What Is Atrial Fibrillation
Atrial fibrillation (AFib) is the most common significant cardiac arrhythmia, affecting approximately 6 million Americans and 1 in 4 adults over age 80. In AFib, the heart's two upper chambers (atria) beat chaotically and rapidly instead of coordinating with the lower chambers (ventricles). This irregular, often rapid heart rhythm reduces the heart's pumping efficiency by 20–30%, allows blood to pool and potentially clot in the atria, and dramatically increases stroke risk — by 5-fold in patients not on anticoagulation therapy.
Hypertension as AFib's Primary Driver
Hypertension is the most common modifiable risk factor for developing AFib, contributing to approximately 20% of cases. Chronic high blood pressure causes structural remodeling of the left atrium — the chamber most involved in AFib. The left atrium enlarges, its walls stretch and develop fibrosis (scarring), and the normal electrical conduction system becomes disrupted, creating the chaotic electrical activity characteristic of AFib. This atrial remodeling develops over years and is directly proportional to the duration and severity of blood pressure control.

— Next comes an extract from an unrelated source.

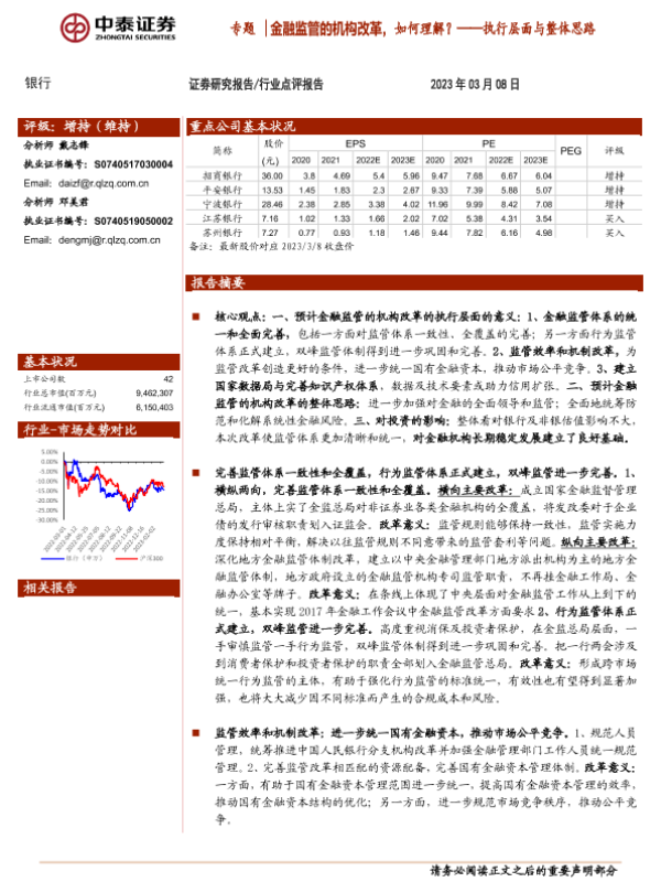 【中泰证券】【20230308】银行专题:金融监管的机构改革,如何理解?——执行层面与整体思路-14页 行业研究

Blood Pressure Monitoring With AFib
Blood pressure monitoring is complicated in patients with AFib because the irregular rhythm makes most automated arm monitors less reliable — they are calibrated to detect regular heartbeats. Some validated monitors have specific AFib detection modes that improve accuracy in irregular rhythms. Look for monitors validated for use in AFib patients (check the validateBP.org list). Multiple readings averaged together generally provide more reliable estimates than single readings in AFib patients. Inform your doctor if your home readings seem highly variable.
Blood Pressure Targets in AFib Patients
The blood pressure target for AFib patients mirrors that for other high-risk cardiovascular patients: below 130/80 mmHg. ACE inhibitors and ARBs are particularly beneficial because they reduce atrial wall tension and fibrosis — potentially slowing the atrial remodeling that perpetuates AFib. Beta-blockers serve dual purpose: lowering blood pressure and controlling heart rate during AFib episodes. Aldosterone antagonists (spironolactone) are being studied for their anti-fibrotic effects on the atrium in hypertensive AFib patients.